Legal basis invoked for state responsibility and complicity
The group bases part of its legal argument on Article 16 of the International Law Commission’s Articles on State Responsibility and on provisions of the Genocide Convention that criminalise aiding and abetting genocide. Dawn’s legal team points to precedent in which international tribunals have applied standards for state complicity and says states that knowingly supply weapons to a party committing atrocity crimes risk incurring responsibility. The organisation has urged governments to apply domestic export controls and to refuse authorisations that would enable further transfers to the UAE.
Targeting major supplier states and export authorisations
Dawn has directly engaged five governments it says are best positioned to choke off the routes of supply: the United States, which it estimates supplies roughly half of conventional arms routed to the UAE; France and the United Kingdom, which provide significant equipment and systems; China, whose components and munitions re-exports have been identified in the conflict; and Italy, which previously revoked export licences under domestic law. The group is pressing each to suspend arms sales, block re-export permits and review security arrangements with Abu Dhabi pending a full accounting of the UAE’s role.
Washington’s policy tensions on export controls and security ties
Dawn’s campaign highlights an emerging paradox in US policy: senior American officials have publicly recognised the severity of atrocities in Sudan while other branches of the US government have taken steps to ease export restrictions that could benefit the UAE. Advocacy directors contend that statutory review mechanisms and congressional resolutions currently before the US legislature would, if enacted, block pending sales and close waiver loopholes in the Arms Export Control Act. The group says failure to act would create a stark credibility gap between Washington’s human rights pronouncements and its defence trade decisions.

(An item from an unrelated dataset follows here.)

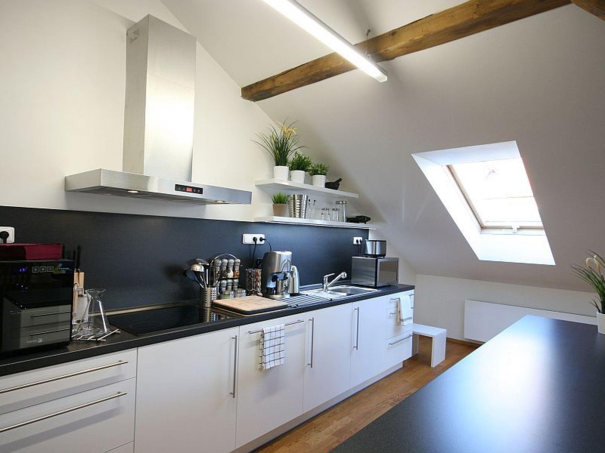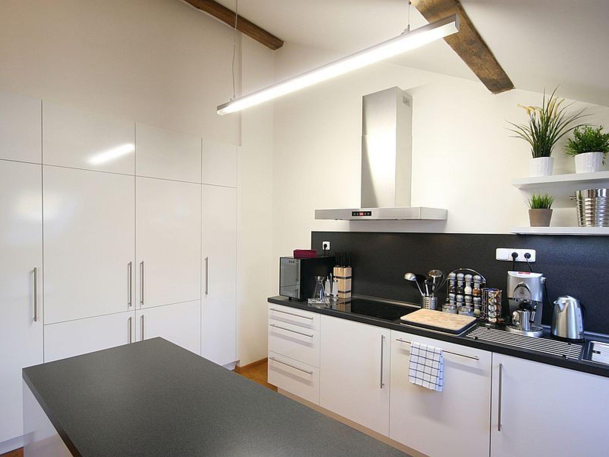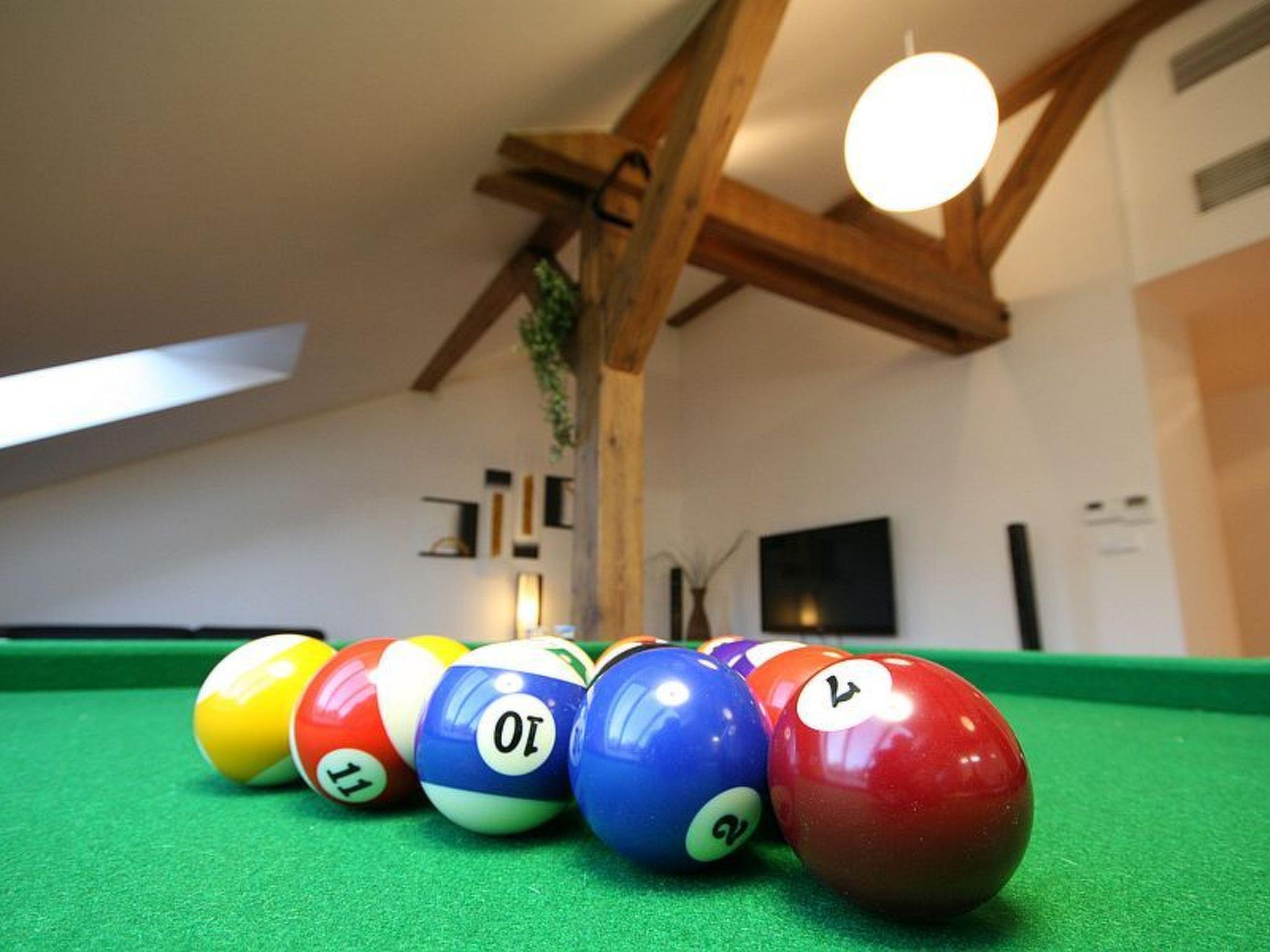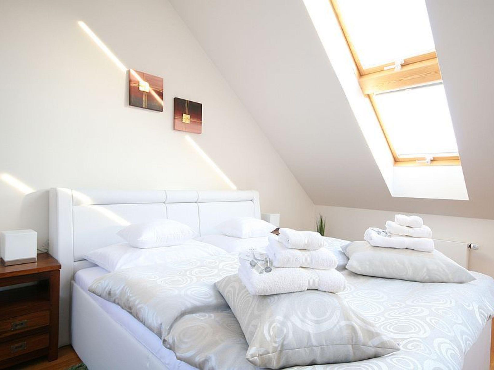 The attic apartment carefully and tastefully furnished to a high standard, over the rooftops of Prague, was luxuriously renovated in 2013. Its ca. 147m² can accommodate four people. It has two bedrooms each with a double bed 180cm wide and a bathroom with a bath, shower and WC, as well as a guest WC. The generous living and dining room with a very modern, fully-equipped kitchen is just as impressive, with a preserved beam structure. You can find a leather sofa here for relaxing, and a flatscreen TV, as well as a pool table for more sociable evenings. The whole apartment has air conditioning and every room has heating. Wireless Internet access, a washing machine and dryer are available.

UN procedural requests and a push for ICC referral
Beyond state-level export measures, Dawn is urging the UN General Assembly to invoke Uniting for Peace to adopt a resolution condemning violations of the UN Charter and existing arms embargoes, and to press the Security Council to refer the situation in Sudan to the International Criminal Court. The group also seeks expansion of the Darfur arms embargo to cover all of Sudan, with explicit reference to external state enablers. Those procedural routes reflect Dawn’s strategy of combining legal pressure, diplomatic engagement and public advocacy to produce immediate operational constraints on arms flows.
The humanitarian stakes underpinning the call are stark: the conflict that began in April 2023 has resulted in tens of thousands of deaths, the displacement of more than 13 million people and a humanitarian emergency that has pushed millions toward famine. Dawn says timely restrictions on weapons transfers are essential to reduce the capacity of armed groups to sustain mass violence and to uphold international obligations that prohibit complicity in atrocity crimes.